真言宗の托鉢僧侶の逝去

望月崇英さん

2010年8月から東京銀座の交差点に立って托鉢を続けていた真言宗の僧侶望月崇英さん(66)が新型コロナの感染により今年1月18日に逝去されました。

コロナに倒れた托鉢僧 大震災、被災地で祈り―銀座交差点に立ち10年

若い頃はミュージシャンを目指してて渡米したこともあるそうで、40代半ばに高野山にて修行して仏門に入ってからは多くの人の悩み苦しみに耳を傾けて、東日本大震災の時には被災地で被災者の救済と供養のために身を捧げ、今年の3月にも被災地に供養のために出掛ける予定だったそうです。

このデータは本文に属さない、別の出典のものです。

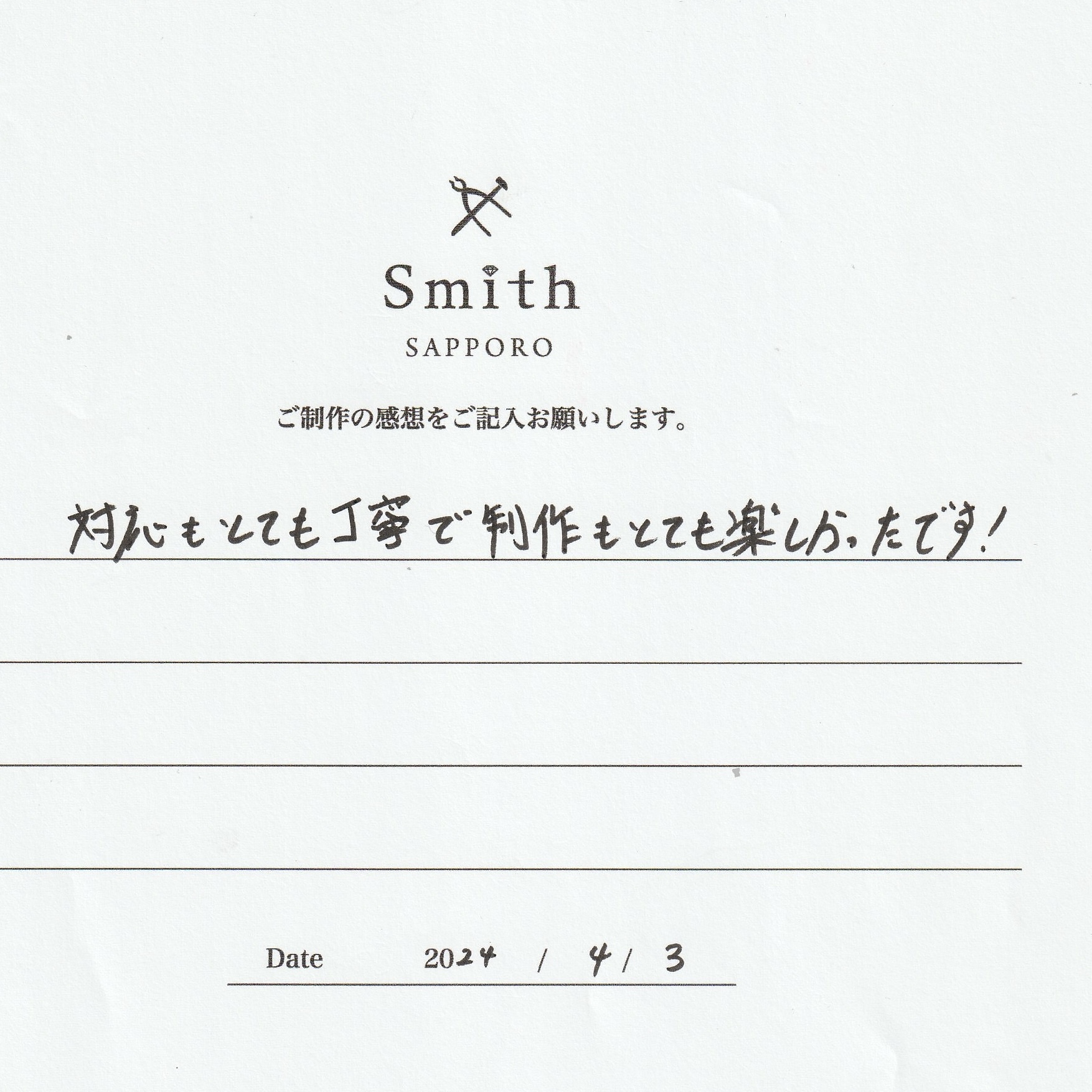 この度は、工房Smith京王プラザホテル札幌店で手作りペアリングのご制作誠にありがとうございました。

最後に友人に宛てられたメッセージには「コロナにかかって良かったこともある。感謝です」とあり、托鉢行を実践する行者としての心優しい愛溢れる人柄が感じられます。

自分の寺を持たずに活動する僧侶は遊行僧と言われ、托鉢をしながら民衆の救済をするという目的に専念することが出来ますので、何かを守るというしがらみから解放されて、ある意味最も僧侶らしく、仏の使命を肩代わりする菩薩行でもあるのです。

新型コロナの混乱が続く中で、これからワクチンなどの希望が見えてきた矢先の御逝去はとても残念な事で御座います。

こういう方は何処の世界に行かれてもご修行なさることでしょう、お疲れ様で御座いました。